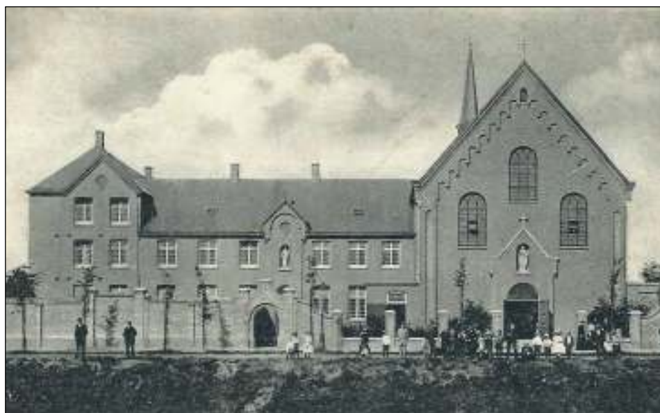
Het Kapucijnenklooster aan de v. d. Does de Willeboissingel kort na de voltooiing.
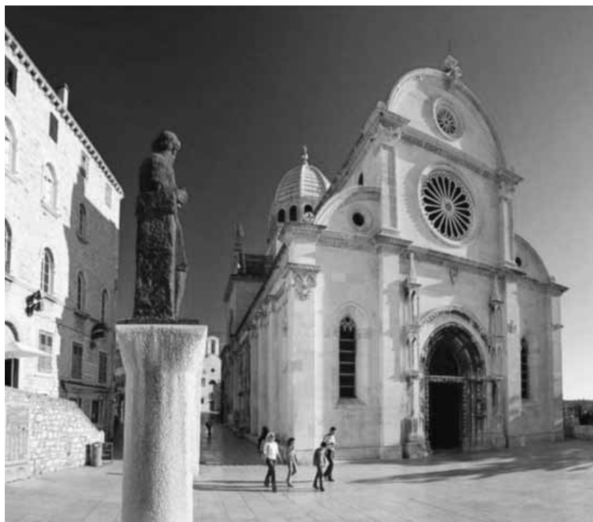
Kip Jurja Dalmatinca ispred Šibenske katedrale

šezdesetih godina 20. stoljeća, na zalazu svojeg života, Meštrović je odao počast Jurju Dalmatincu. U Sjedinjenim Državama podigao je spomenik tom velikom kiparu i arhitektu čija su djela obilježila njegov prvi susret s umjetnošću. Danas kip Jurja Dalmatinca stoji okrenut prema katedrali, uspravan na jednostavnom stupu od bijelog kamena.
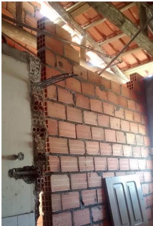
Figura 13: Ampliação banheiro.
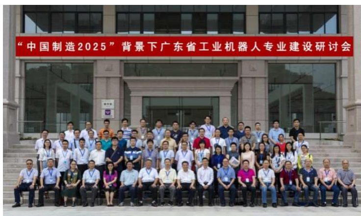
图 10 “中国制造 2025”广东省工业机器人专业建设研讨会在我校举办

专业群在校企合作体制机制创新、人才培养模式与课程体系改革、师资队伍建设、实验实训条件建设、社会服务能力提升等方面，结合区域经济社会发展需要，通过探索改革，获得一批具有智能制造专业特色、丰富多样的建设成果，势必会给地区装备制造产业提供发展思路，也带动校内其他专业的建设与发展，整体提升学校的专业建设水平、育人能力和办学社会影响力。
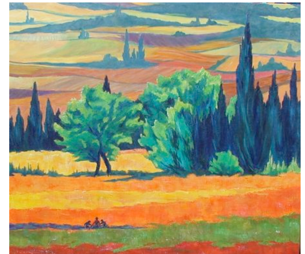
« Eclat »
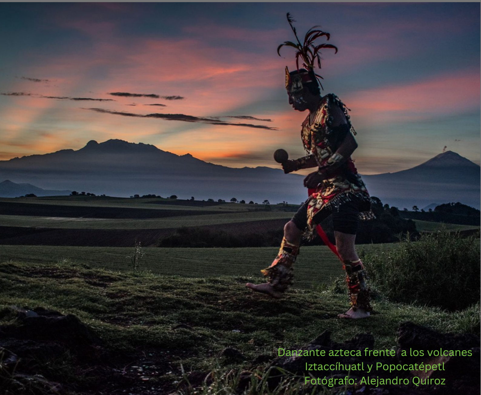
Danzante azteca frente a los volcanes Iztaccíhuatl y Popocatépetl

Museo Nacional de Historia "Castillo de Chapultepec" El Colegio de México Museo Nacional de Antropología Dirección de Estudios Históricos - INAH Biblioteca Nacional de Antropología e Historia MAYO 23-25, 2024, CIUDAD DE MÉXICO
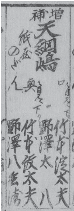
図三 『妹背山婦女庭訓』番付部分（石水博物館）

『義太夫年表 近世篇』が文化三年（一八〇六）の九月か十月と推定した、図三の江戸結城座『妹背山婦女庭訓』興行において、三代紋太夫は付け物に『増補天網島』『紙屋の段』奥を語っている。「御目見へ」「下り」と肩書した
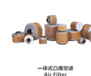
一体式凸嘴空滤 Air Filter
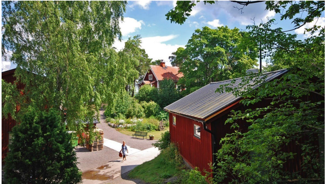
Norra delen, vy mot tillsynsmansbostaden Verkarns från 1922–1923. Vissa av försvarsindustrins byggnader har återanvänts, men mycket är nytt.
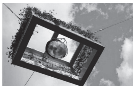
б - Озеленення над комунікаціями “Green Lights” вночі і вдень (м. Ейндховен, Нідерланди, за матеріалами [7])
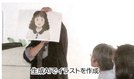
生成AIでイラストを作成

場 所 市民交流センターtette ルーム1-1 日 に ち 令和7年11月12日(水)
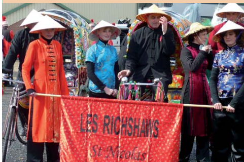
▲ Les Rickshaws au carnaval de Denain

Plus de 120 enfants accompagnés par leurs parents ont été pris en photo lors de cette matinée
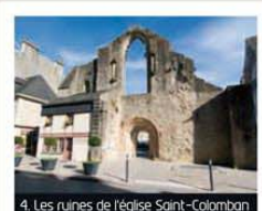
4. Les ruines de l'église Saint-Colomban
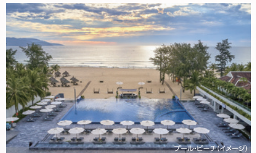
プール・ビーチ(イメージ)
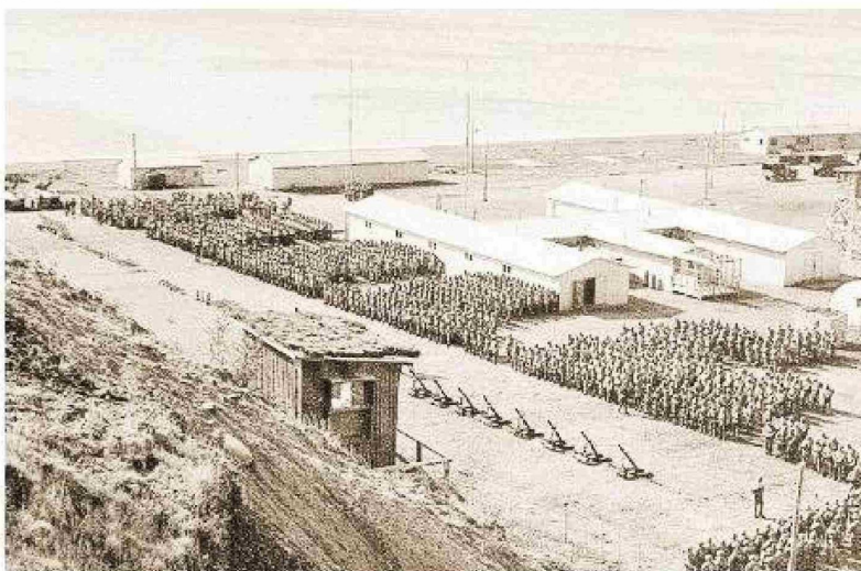
Brigada de Infantería de Marina en 1978 conformaban una importante fuerza desplegada en el Teatro de Operaciones Austral.

Portada de la décima edición del Libro "Los soldados del mar en acción".
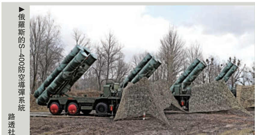
俄羅斯的S-400防空導彈系統

+ + +

» Requirement
For the records above, output each one exactly and skip any image.

» Output for this exercise
Het Kapucijnenklooster aan de v. d. Does de Willeboissingel kort na de voltooiing.
Kip Jurja Dalmatinca ispred Šibenske katedrale

šezdesetih godina 20. stoljeća, na zalazu svojeg života, Meštrović je odao počast Jurju Dalmatincu. U Sjedinjenim Državama podigao je spomenik tom velikom kiparu i arhitektu čija su djela obilježila njegov prvi susret s umjetnošću. Danas kip Jurja Dalmatinca stoji okrenut prema katedrali, uspravan na jednostavnom stupu od bijelog kamena.
Figura 13: Ampliação banheiro.
图 10 “中国制造 2025”广东省工业机器人专业建设研讨会在我校举办

专业群在校企合作体制机制创新、人才培养模式与课程体系改革、师资队伍建设、实验实训条件建设、社会服务能力提升等方面，结合区域经济社会发展需要，通过探索改革，获得一批具有智能制造专业特色、丰富多样的建设成果，势必会给地区装备制造产业提供发展思路，也带动校内其他专业的建设与发展，整体提升学校的专业建设水平、育人能力和办学社会影响力。
« Eclat »
Danzante azteca frente a los volcanes Iztaccíhuatl y Popocatépetl

Museo Nacional de Historia "Castillo de Chapultepec" El Colegio de México Museo Nacional de Antropología Dirección de Estudios Históricos - INAH Biblioteca Nacional de Antropología e Historia MAYO 23-25, 2024, CIUDAD DE MÉXICO
図三 『妹背山婦女庭訓』番付部分（石水博物館）

『義太夫年表 近世篇』が文化三年（一八〇六）の九月か十月と推定した、図三の江戸結城座『妹背山婦女庭訓』興行において、三代紋太夫は付け物に『増補天網島』『紙屋の段』奥を語っている。「御目見へ」「下り」と肩書した
一体式凸嘴空滤 Air Filter
Norra delen, vy mot tillsynsmansbostaden Verkarns från 1922–1923. Vissa av försvarsindustrins byggnader har återanvänts, men mycket är nytt.
б - Озеленення над комунікаціями “Green Lights” вночі і вдень (м. Ейндховен, Нідерланди, за матеріалами [7])
生成AIでイラストを作成

場 所 市民交流センターtette ルーム1-1 日 に ち 令和7年11月12日(水)
▲ Les Rickshaws au carnaval de Denain

Plus de 120 enfants accompagnés par leurs parents ont été pris en photo lors de cette matinée
4. Les ruines de l'église Saint-Colomban
プール・ビーチ(イメージ)
Brigada de Infantería de Marina en 1978 conformaban una importante fuerza desplegada en el Teatro de Operaciones Austral.

Portada de la décima edición del Libro "Los soldados del mar en acción".
俄羅斯的S-400防空導彈系統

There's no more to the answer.